Overcoming Imposter Syndrome as an Artist

For most of my career I’ve felt like I don’t know what I’m doing. I worry that I’m not good enough or deserving to call myself an artist. I often have to give myself pep talks or take on the “fake it ’til you make it” persona to push through my anxiety.

I also have a hard time remembering all of my achievements and will quickly move on to the next big goal without fully appreciating the gravity of my wins. I discount them and get overwhelmed by what is required of me to achieve the next goal because I’m afraid of making a mistake that will cause me to fail. I’ll procrastinate and tell myself that if I research enough, I’ll find the magic formula that will suddenly make everything better and easier.

Over time, I’ve come to realize that these are the characteristic feelings of imposter syndrome. 

Overcoming Imposter Syndrome as an Artist | Sketch Design Repeat

Imposter syndrome or imposter phenomenon is a concept that was first developed in the 1970s by psychologists Suzanna Imes and Pauline Rose Clance. Although it’s often called a syndrome, it isn’t a diagnosable mental illness. However, it’s widely acknowledged as a very definite form of intellectual self-doubt that can intensify negative feelings of insecurity and stress, often leading to anxiety and depression. It’s an internal belief that people generally don’t talk about it because they are afraid of being exposed as a phony. 

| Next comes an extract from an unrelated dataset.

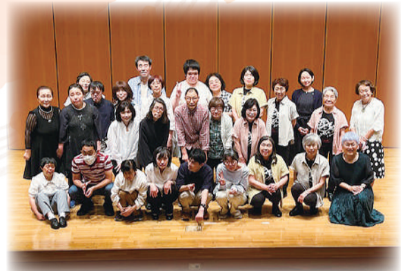
つばさ音楽クラブのみなさん

今月は、市内各地で恒例の「歳末たすけあい・地域福祉活動募金」が行われます。でも募金するときに、いったいどのように使われているのか気になりませんか?今回は一例として、募金の助成先の団体「つばさ音楽クラブ」にお話を聞いてみました。

Sound familiar? Symptoms of imposter syndrome as an artist

  • Have an inability or hard time accepting compliments of your work
  • Are easily and often overwhelmed with anxiety when working on art for fear of failing
  • Have a lot of abandoned art pieces because you have a hard time finishing them if all conditions are not right at any part of the process of creating
  • Discount your achievements and attribute them to luck or external factors
  • Your artwork never seems to be finished because you often go back to tweak and perfect 
  • Don’t feel like you deserve to price your art so that it meets a living wage and undercut the value
  • Feel out of place at professional events and networking opportunities
  • Embarrassed when asked about what you do for a living and calling yourself an artist
  • Extremely worried about what other people think about your work and the choices you make for your art business
  • Constantly comparing yourself to other artists
  • Feel like your work isn’t ever going to be good enough and being called out as a fraud
  • Procrastinate or over-prepare for an art project
Overcoming Imposter Syndrome as an Artist | Sketch Design Repeat

Why creatives are more vulnerable to imposter syndrome

It’s an incredibly common phenomenon. According to studies, an estimated 70% of people experience imposter syndrome at least one time in their lives. It’s an experience that transcends gender, race, ethnicity, class, religion, occupations, ability, sexual orientation, and cultures. It’s an especially prevalent experience among creatives. 

“Being in any creative field makes you more susceptible to imposter feelings…the very nature of creative work makes everyone more vulnerable to feeling inadequate,” says internationally recognized imposter syndrome expert Dr. Valerie Young.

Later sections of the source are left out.